INFORMATION SUPPLIED →
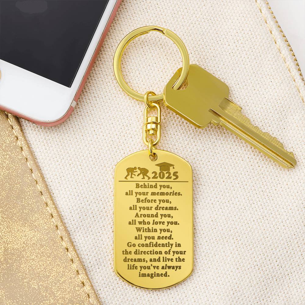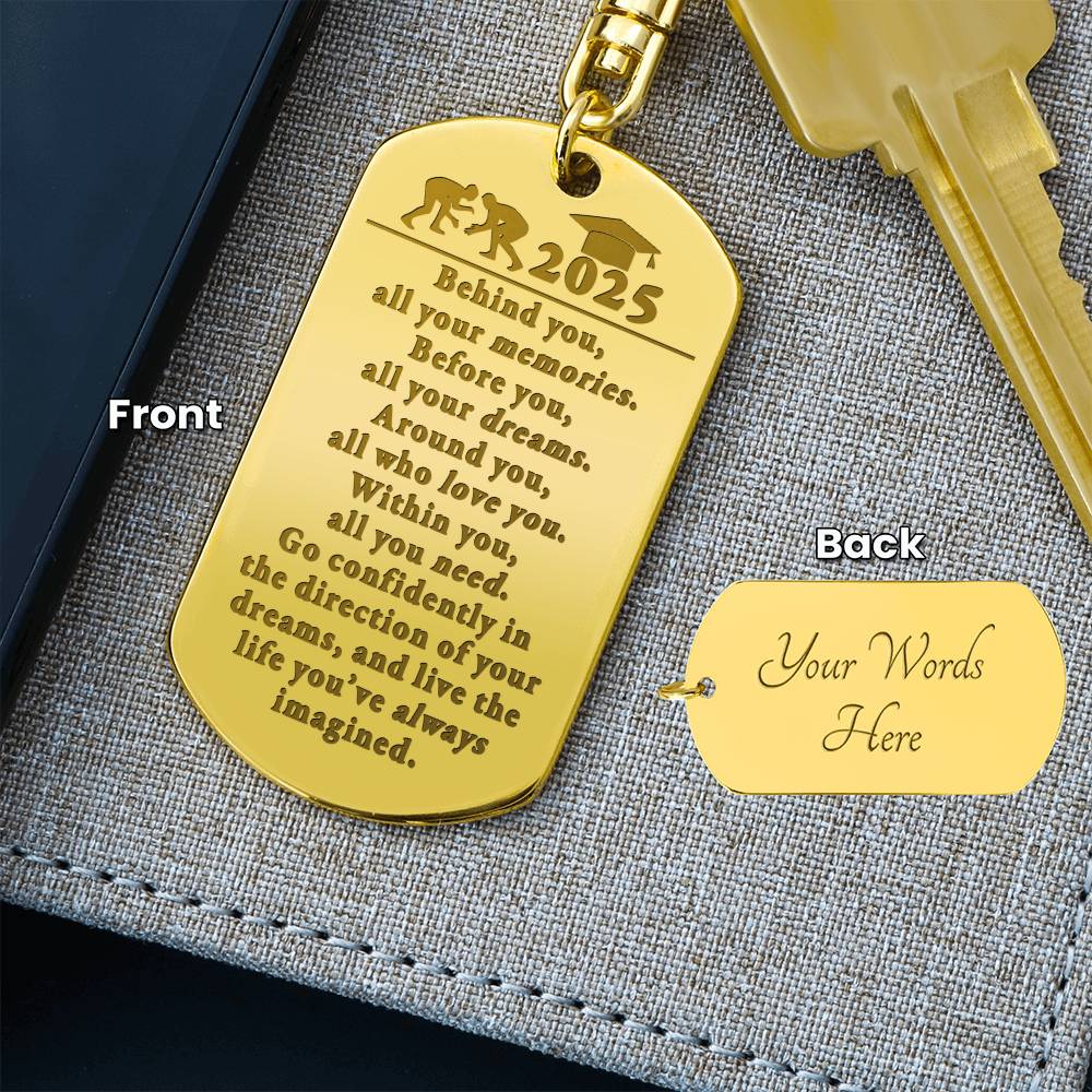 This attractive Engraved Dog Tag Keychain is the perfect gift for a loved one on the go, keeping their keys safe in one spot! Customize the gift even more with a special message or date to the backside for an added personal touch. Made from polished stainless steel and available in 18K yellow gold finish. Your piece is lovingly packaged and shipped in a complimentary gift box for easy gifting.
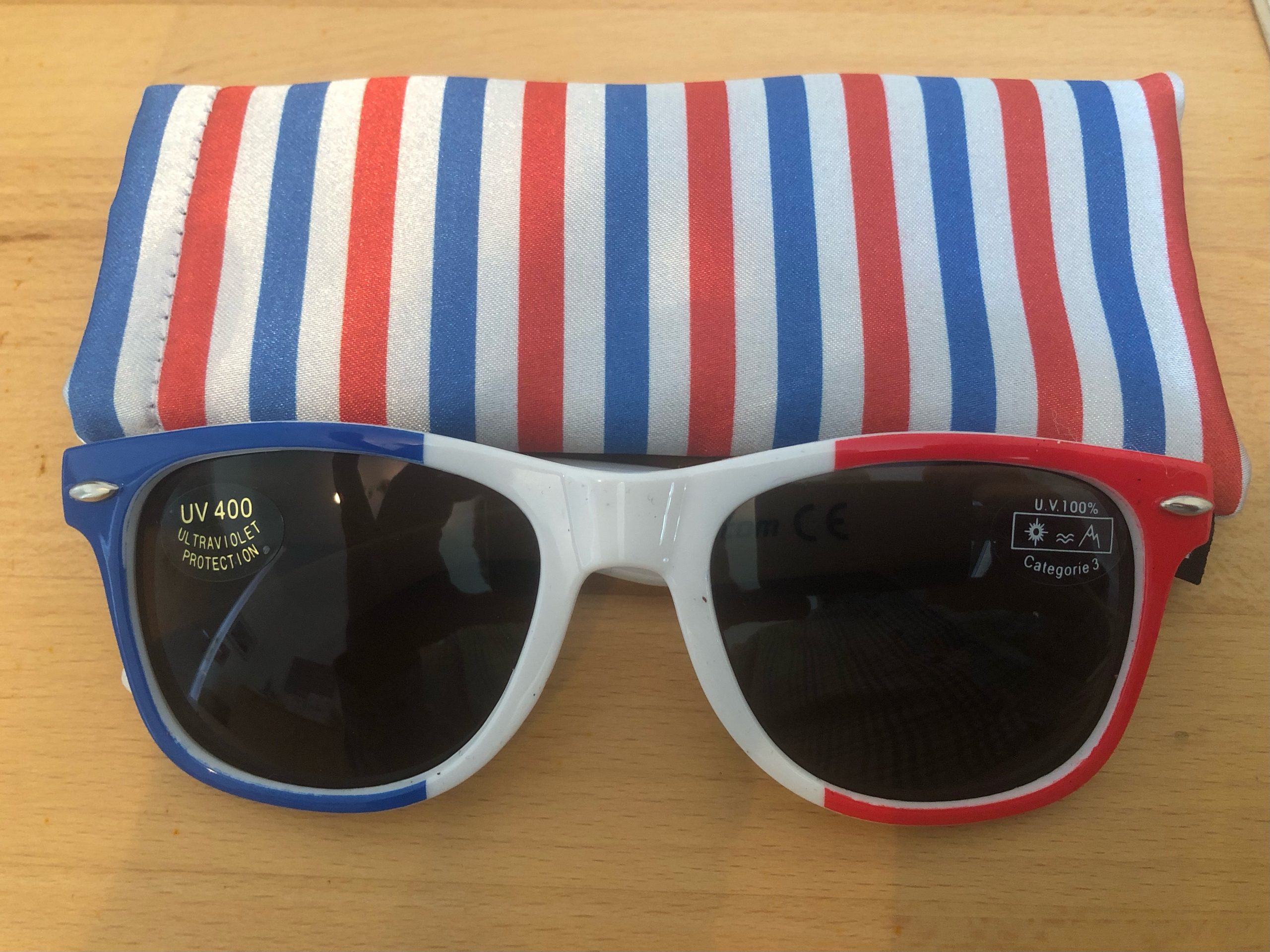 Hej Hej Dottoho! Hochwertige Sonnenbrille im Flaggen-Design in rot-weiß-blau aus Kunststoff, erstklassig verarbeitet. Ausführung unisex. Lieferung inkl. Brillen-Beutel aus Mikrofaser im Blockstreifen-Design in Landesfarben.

==

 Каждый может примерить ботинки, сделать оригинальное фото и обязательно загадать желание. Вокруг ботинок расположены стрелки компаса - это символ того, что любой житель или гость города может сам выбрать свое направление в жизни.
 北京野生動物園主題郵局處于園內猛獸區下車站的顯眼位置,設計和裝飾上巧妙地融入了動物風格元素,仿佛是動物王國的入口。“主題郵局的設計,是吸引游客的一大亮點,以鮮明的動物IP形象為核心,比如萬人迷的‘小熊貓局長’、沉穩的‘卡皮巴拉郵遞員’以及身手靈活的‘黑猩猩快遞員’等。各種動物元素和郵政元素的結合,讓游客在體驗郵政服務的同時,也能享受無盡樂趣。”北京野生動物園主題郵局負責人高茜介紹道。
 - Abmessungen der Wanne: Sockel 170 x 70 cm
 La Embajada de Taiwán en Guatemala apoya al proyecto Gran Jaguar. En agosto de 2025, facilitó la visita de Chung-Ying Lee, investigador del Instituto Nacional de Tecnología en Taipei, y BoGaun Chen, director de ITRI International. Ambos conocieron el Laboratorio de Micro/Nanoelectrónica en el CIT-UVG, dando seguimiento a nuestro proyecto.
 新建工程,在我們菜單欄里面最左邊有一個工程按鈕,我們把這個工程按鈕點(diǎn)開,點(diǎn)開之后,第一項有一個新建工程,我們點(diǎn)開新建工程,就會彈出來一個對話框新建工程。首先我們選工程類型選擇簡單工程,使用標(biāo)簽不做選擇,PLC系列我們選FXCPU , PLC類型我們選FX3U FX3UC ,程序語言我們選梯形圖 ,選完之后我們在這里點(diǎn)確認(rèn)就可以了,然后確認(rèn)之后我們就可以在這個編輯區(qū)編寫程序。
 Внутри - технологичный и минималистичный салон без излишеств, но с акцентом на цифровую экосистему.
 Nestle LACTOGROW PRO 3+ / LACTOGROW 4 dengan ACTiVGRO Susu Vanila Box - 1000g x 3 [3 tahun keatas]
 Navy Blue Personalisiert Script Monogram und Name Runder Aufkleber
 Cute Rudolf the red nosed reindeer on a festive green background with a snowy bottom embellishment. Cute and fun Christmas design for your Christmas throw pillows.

TASK TO CARRY OUT →
Only one part of the listing is wanted: the lines from the one containing "This attractive Engraved" through the one containing "Hej Hej Dottoho!", both included. Please transcribe it exactly, leaving out the pictures.

RESULT →
 This attractive Engraved Dog Tag Keychain is the perfect gift for a loved one on the go, keeping their keys safe in one spot! Customize the gift even more with a special message or date to the backside for an added personal touch. Made from polished stainless steel and available in 18K yellow gold finish. Your piece is lovingly packaged and shipped in a complimentary gift box for easy gifting.
 Hej Hej Dottoho! Hochwertige Sonnenbrille im Flaggen-Design in rot-weiß-blau aus Kunststoff, erstklassig verarbeitet. Ausführung unisex. Lieferung inkl. Brillen-Beutel aus Mikrofaser im Blockstreifen-Design in Landesfarben.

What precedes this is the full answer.